How to Network from Home with LinkedIn

Especially today, knowing how to navigate the virtual world is crucial. If you want to know how to network from home, keep reading.

Understand what networking is

Arguably one of the most powerful tools of networking today, LinkedIn has millions of people at your fingertips. Now your first reaction might be to be a little anxious. “Isn’t this cold calling?” Yes and no. Cold calling would be bugging someone for them to give you something. Networking isn’t about begging strangers for jobs, it’s about building your professional relationships. So how do you network from home with LinkedIn?

The process

The basic timeline of a new connection should be: Introduce, ask and give, follow up. Before you hit that “Connect” button, be sure to lightly research that person’s profile. Where are they located? Where have they worked, and in what roles? What are they interested in? Make a personal connection on your own before reaching out. Once you’ve established what your “link” is, send a message as you ask to connect.

Here’s a couple examples that’s worked for me.

Hi James, I found you through the ABC College Student Alumni Group. I’m working at DEF Company wanted to hear any advice you would have as a Rutgers alum who worked in X Industry.

Our college has an alumni forum, but you could search through LinkedIn or your school’s database to search by career titles.

Hi Emily, I’m at DEF Company in a similar role as you in Manhattan, and do some work in [her client industry] as well. I thought we should connect and get to know each other!

Here I searched on LinkedIn a company my company works with frequently, and scouted individuals around my age who were new to that company. This is my way of finding fresh leads in my area who don’t already have their established “go-to’s.”
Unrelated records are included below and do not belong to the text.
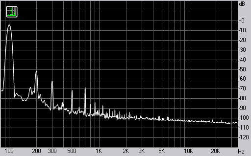 Спектр сигнала, воспроизводимого монитором при подаче частоты 100 Гц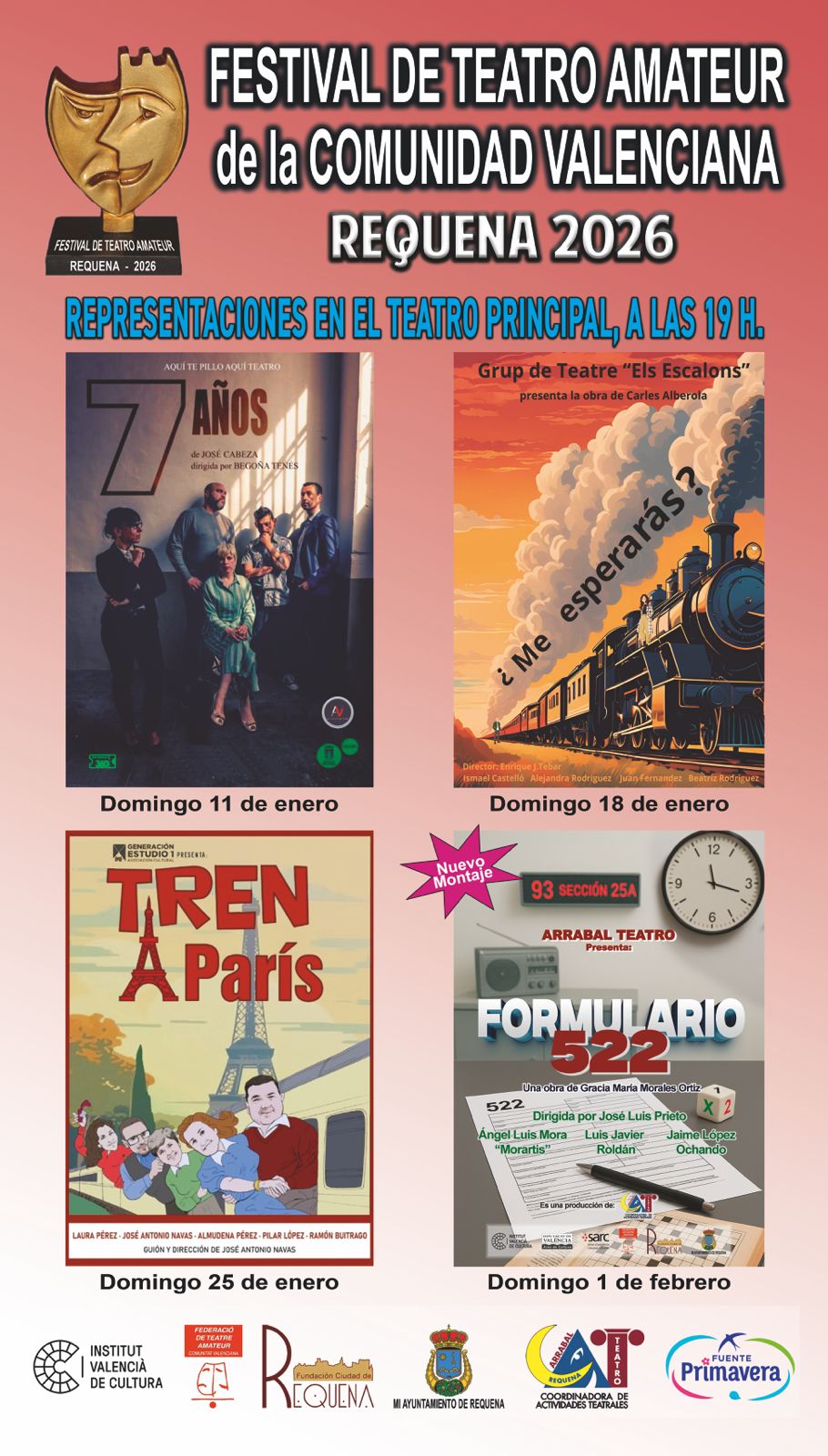 La Coordinadora de Actividades Teatrales ARRABAL-TEATRO, en colaboración con la Federación de Teatro Amateur de la Comunidad Valenciana y la Fundación “Ciudad de Requena” y con el patrocinio del M. I. Ayuntamiento de Requena, organiza el FESTIVAL DE TEATRO AMATEUR DE LA COMUNIDAD VALENCIANA – REQUENA 2026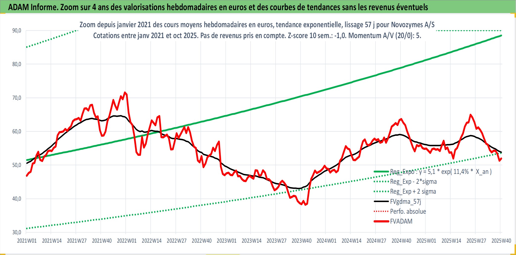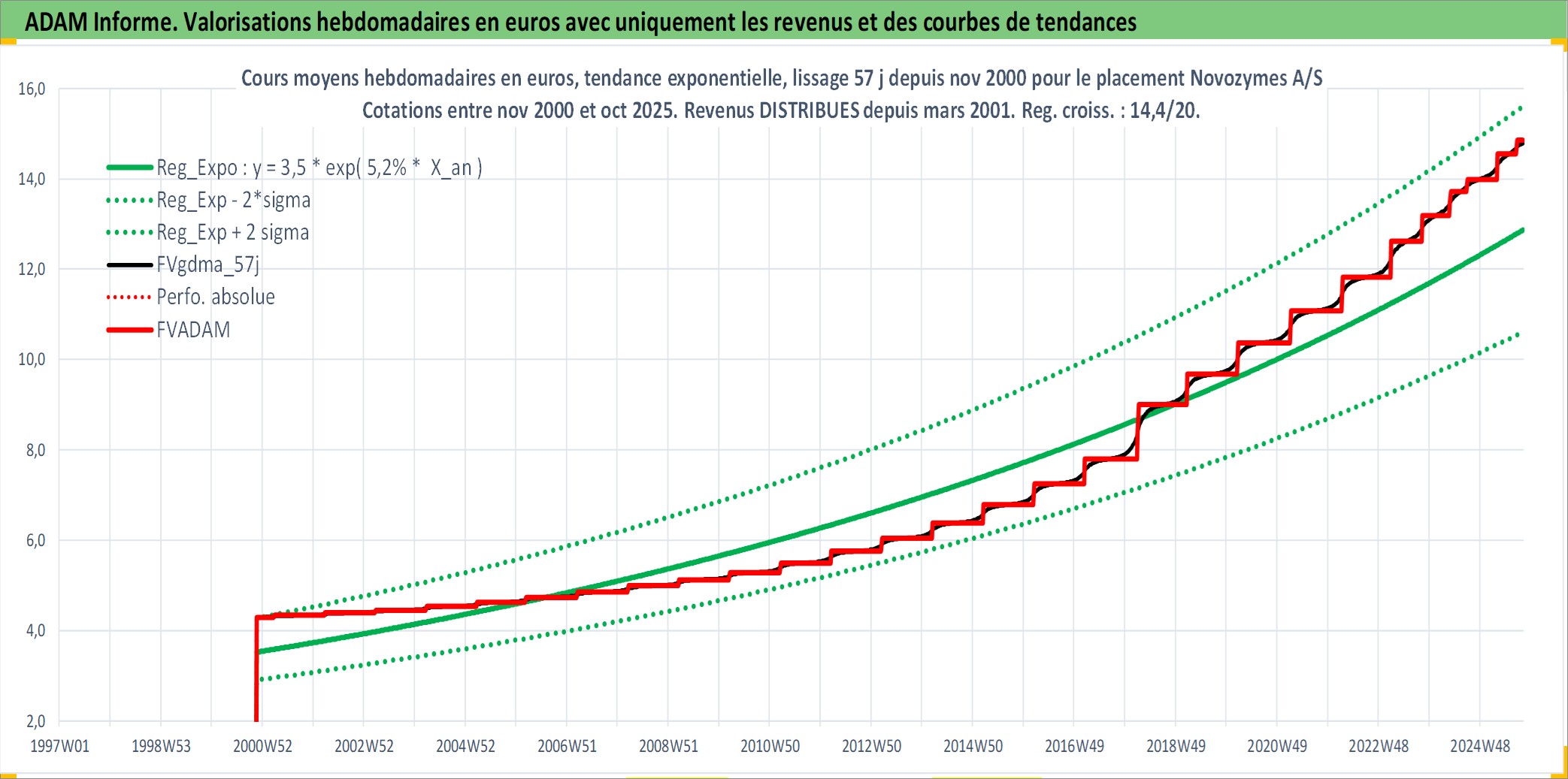 Site dédié aux investisseursPage dédiée sur site financeAnalyse des valorisations hebdomadaires de l'action Novozymes A/S. Cet actif est cote en DKK. Les valorisations sont en contrevaleur EURO et couvrent les semaines 2000W46 a 2025W40. Les revenus de cet actif financier sont pris en compte depuis la semaine 2001W12. La note globale ESG de cet actif est estimee a 13.0 (apres rebasage entre 0 et 20).

Don’t outright ask for a job or a referral. Maybe in your perspective, it would be easy for that other person to allow you to use their name. But take a second to look at what that actually means. They will be putting their name and reputation within the company on the line for a complete stranger they’ve never met. (Especially sucks when they reach out to HR to give the stranger an interview and they don’t show up, leading to their embarrassment.) Rather, ask for their advice and opinions. Ask their opinion on something that happened to you at your current work or a recent interview. How are they enjoying their roles and company, and what do they think about the industry? Ask about how their company is handling the current market.

Remember to also make note to follow up after a few weeks. Build your professional relationship like you would your personal ones. Check up on this person, listen to their thoughts, and give your two cents as well. Wish them happy holidays and congratulate them on their birthday (Don’t click those standard birthday wish buttons. I can tell when you do that and it feels very inauthentic).

Know the purpose

Understand that others see networking as a benefit. They want something out of this exchange just as much as you do. While you shouldn’t waste their time with small talk every two weeks, provide your own meaningful insights and make productive conversation. I’ve had some pretty long-paragraph exchanges with my network before, and most come from those who are eager to mentor professionals younger than them.

Regardless of the reason you’re looking to grow your network, be sure to follow up, and keep in touch. Never let your connections fade!